Design Experiment to Measure Airport Surge-Pricing Impact
Experiment Design: Causal Impact of Airport Surge-Pricing Push Notifications on Driver Supply
Context
You operate a two-sided ride-hailing marketplace. A new push notification is sent to eligible drivers when the airport is in surge, aiming to attract more drivers to the airport. Drivers within and around the airport can see and respond to the push at overlapping times, so interference (spillovers) between treated and untreated drivers is plausible.
Task
Design an experiment to measure whether the push notification causally increases driver supply at the airport while handling potential interference.
Please address:
-
Experimental design: randomization unit(s), holdouts, timing windows, and any clustering.
-
Primary and secondary success metrics to track.
-
How you will detect and account for spillovers on untreated drivers.
-
How you will identify causal impact in the presence of interference (e.g., geographic clustering, holdout zones, difference-in-differences, network interference adjustments).
Constraints & Assumptions
-
Preserve the scope, facts, inputs, and requested outputs from the prompt above.
-
If the prompt leaves a detail unspecified, state a reasonable assumption before relying on it.
-
Keep the answer interview-ready: concise enough to present, but concrete enough to implement or evaluate.
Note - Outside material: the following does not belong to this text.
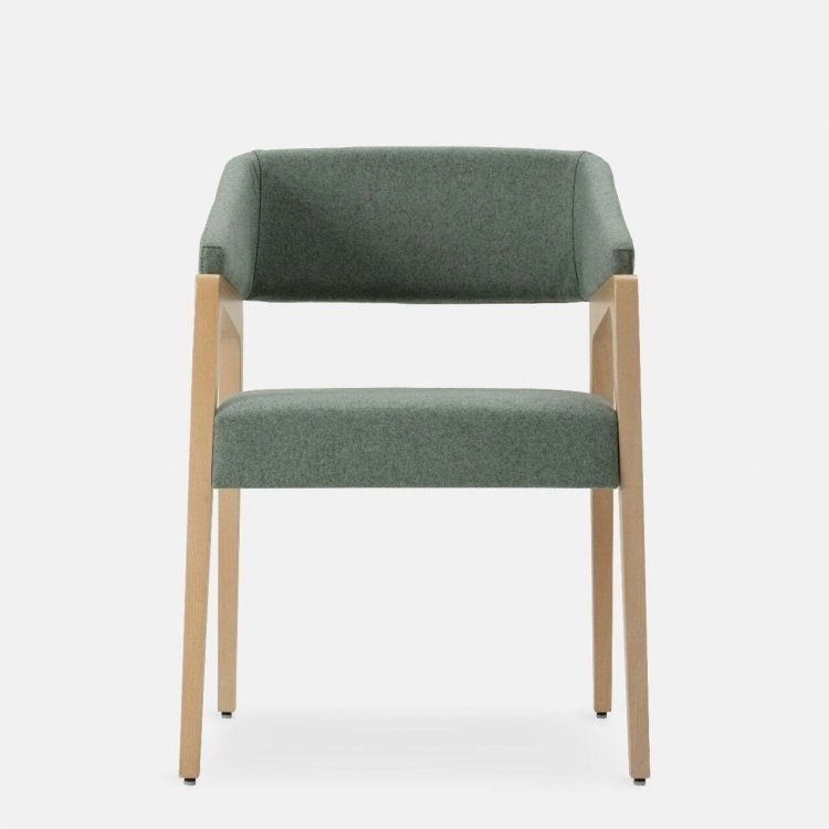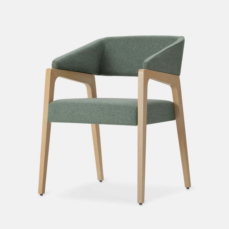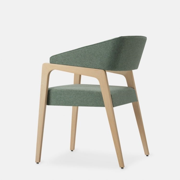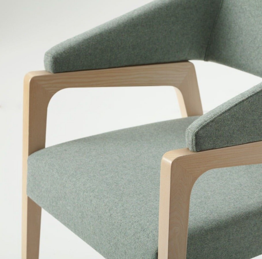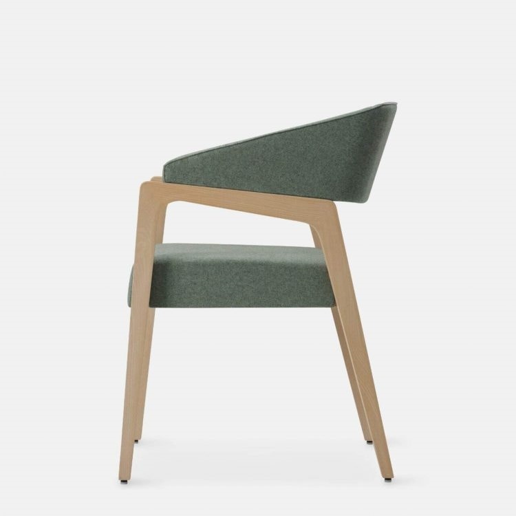 Musa ha una struttura in legno di frassino disponibile nelle nostre colorazioni standard o nelle finiture personalizzate. La seduta e lo schienale sono in espanso ignifugo, rivestiti con i nostri tessuti a scelta o in tessuto Cliente.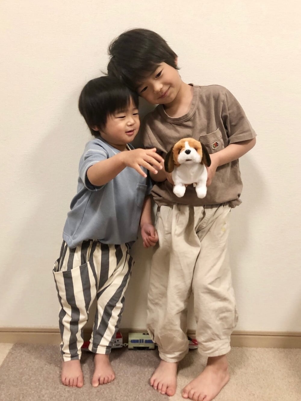 可愛いワンちゃん❤️ 奏さんがおチビちゃんの頃から我が家にいるワンコたん🐶 こんな愛らしいワンコたんなのに… けいけいに怖がられております😂 ビビリ姿を見たい方は小窓かインスタへどうぞ🤣 けいけいのトップスは イオンのワッフルTシャツ!値段も安いしなかなか良い色が揃ってる👏 パンツはバースデの新しいブランド manina(マニーナ)の物です❤️ これもだし、他のもデザインが可愛くて惹かれてしまう…😍 テータテートに続きハマりそうな予感よw 奏さんのトップスは この渋さがなかなかのお気に入りなの❤️良い色💕 ワンピもあったから160色違いで買えば私も着れたなぁ〜とか思っております😆 今日は子連れ出社の予定☔️ さぁどうなる事やら〜〜 また報告しますっ😅

Clarifying Questions to Ask
-
Clarify the business objective, unit of analysis, time window, exposure definition, and primary metric.
-
State assumptions about instrumentation, randomization, sample size, and data quality.
-
Separate descriptive analysis from causal claims.
What a Strong Answer Covers
-
A metric framework with primary, guardrail, and diagnostic metrics.
-
A credible analysis or experiment design with clear assumptions and bias checks.
-
SQL/statistical logic for segmentation, variance, confidence, and data validation where relevant.
-
An actionable recommendation that explains trade-offs and next steps.
Follow-up Questions
-
What sanity checks would you run before trusting the result?
-
How would you handle novelty effects, seasonality, or selection bias?
-
What decision would you make if metrics disagree?